Application of bone metabolic parameters in the diagnosis of growing pains

1 INTRODUCTION

Growing pains (GPs) were first described in 1823 by French physician Marcel Duchmap as the most common recurrent leg pain problem in children, which occur in about 3% to 47% of children with no organic lesions.1, 2 There is no evidence that GP is associated with particularly rapid growth.3 GP mostly affects children aged 3–12 years, and the highest incidence is found in the 4- to 6-year age bracket.3 GP is almost always bilateral, usually nonarticular, and often located in the shins, calves, thighs, or popliteal fossa.4 The pain usually occurs at night, with intensity varying from mild to very severe, and resolves by morning.
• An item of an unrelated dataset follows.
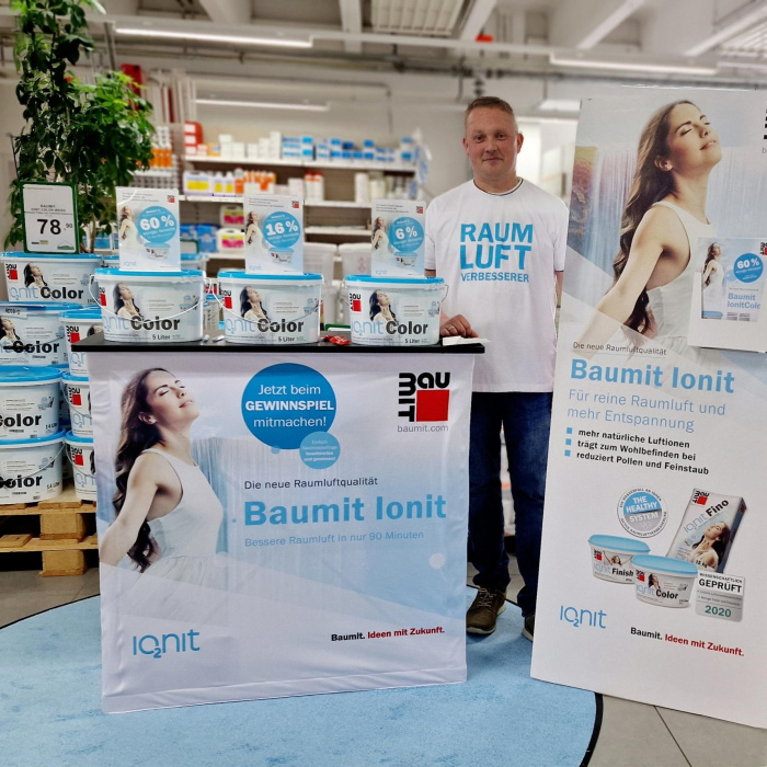 Bei ausgewählten Baumärkten und Baustoffhändler:innen sind Merchandising Verkaufsprofis im Einsatz, um die Kund:innen vor Ort zum Thema Ionit Wandfarbe von Baumit zu beraten.

The severity and duration of pain varies from child to child.5 In severe cases, the pain can occur daily. The duration of pain ranges from minutes to hours. Some children experience regular pain, whereas others have days or months of pain-free periods between episodes, which vary from child to child.6 Previous studies found association between GP and abdominal pains, nonspecific headaches, and behavioral disorders.7 Meanwhile, GP is not related to serious organic lesions and usually resolves by late childhood. The physical examination showed no objective signs of inflammation.8, 9 However, frequent pain may have tremendous impacts on the children and their family's daily routines including activity, sleep, frequent use of pain relief medications, and causing anxiety.10, 11 The etiology of GP has still not been fully elucidated, despite its discovery for over 200 years ago. Many different theories have been postulated, but none have been confirmed. Unknown etiology contributes to diagnostic difficulty that the diagnosis of GP requires the exclusion of other diseases with similar clinical manifestations.12 Thereby, GP has been more of a diagnosis of exclusion than an explicit entity with ambiguity in diagnostic criteria, which has become a hot research topic.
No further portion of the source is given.